> _Exercise brief_
Output range, inclusive: from the line containing "交流結束后,周鴻在項目經(j" to the line containing "Sludge settling; Equipment". Restate those lines from the data below word for word and only those.

> _The input_

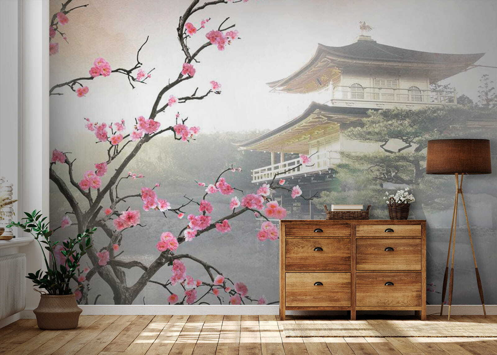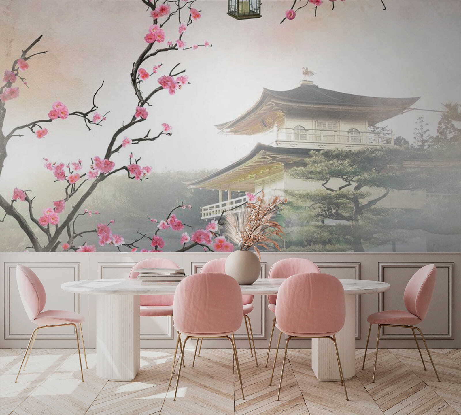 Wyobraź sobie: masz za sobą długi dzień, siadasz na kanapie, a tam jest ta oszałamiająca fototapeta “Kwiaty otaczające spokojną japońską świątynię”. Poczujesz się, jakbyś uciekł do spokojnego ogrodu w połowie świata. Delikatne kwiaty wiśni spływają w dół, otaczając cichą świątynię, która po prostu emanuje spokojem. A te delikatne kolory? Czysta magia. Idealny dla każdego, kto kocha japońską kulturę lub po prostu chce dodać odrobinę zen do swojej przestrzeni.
==
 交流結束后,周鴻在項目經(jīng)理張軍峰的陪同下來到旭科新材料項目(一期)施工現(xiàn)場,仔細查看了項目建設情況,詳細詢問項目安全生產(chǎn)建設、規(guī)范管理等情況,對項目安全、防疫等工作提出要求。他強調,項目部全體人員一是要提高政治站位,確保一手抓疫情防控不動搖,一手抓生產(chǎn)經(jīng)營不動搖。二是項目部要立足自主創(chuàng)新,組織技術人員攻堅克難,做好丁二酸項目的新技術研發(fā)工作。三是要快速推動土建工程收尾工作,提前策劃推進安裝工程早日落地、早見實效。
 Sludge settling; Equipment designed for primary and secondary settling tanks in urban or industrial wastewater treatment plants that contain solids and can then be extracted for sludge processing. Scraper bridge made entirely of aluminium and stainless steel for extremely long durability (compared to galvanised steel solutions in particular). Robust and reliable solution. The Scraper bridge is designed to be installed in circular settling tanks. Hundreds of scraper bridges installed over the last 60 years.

> _Response area_
 交流結束后,周鴻在項目經(jīng)理張軍峰的陪同下來到旭科新材料項目(一期)施工現(xiàn)場,仔細查看了項目建設情況,詳細詢問項目安全生產(chǎn)建設、規(guī)范管理等情況,對項目安全、防疫等工作提出要求。他強調,項目部全體人員一是要提高政治站位,確保一手抓疫情防控不動搖,一手抓生產(chǎn)經(jīng)營不動搖。二是項目部要立足自主創(chuàng)新,組織技術人員攻堅克難,做好丁二酸項目的新技術研發(fā)工作。三是要快速推動土建工程收尾工作,提前策劃推進安裝工程早日落地、早見實效。
 Sludge settling; Equipment designed for primary and secondary settling tanks in urban or industrial wastewater treatment plants that contain solids and can then be extracted for sludge processing. Scraper bridge made entirely of aluminium and stainless steel for extremely long durability (compared to galvanised steel solutions in particular). Robust and reliable solution. The Scraper bridge is designed to be installed in circular settling tanks. Hundreds of scraper bridges installed over the last 60 years.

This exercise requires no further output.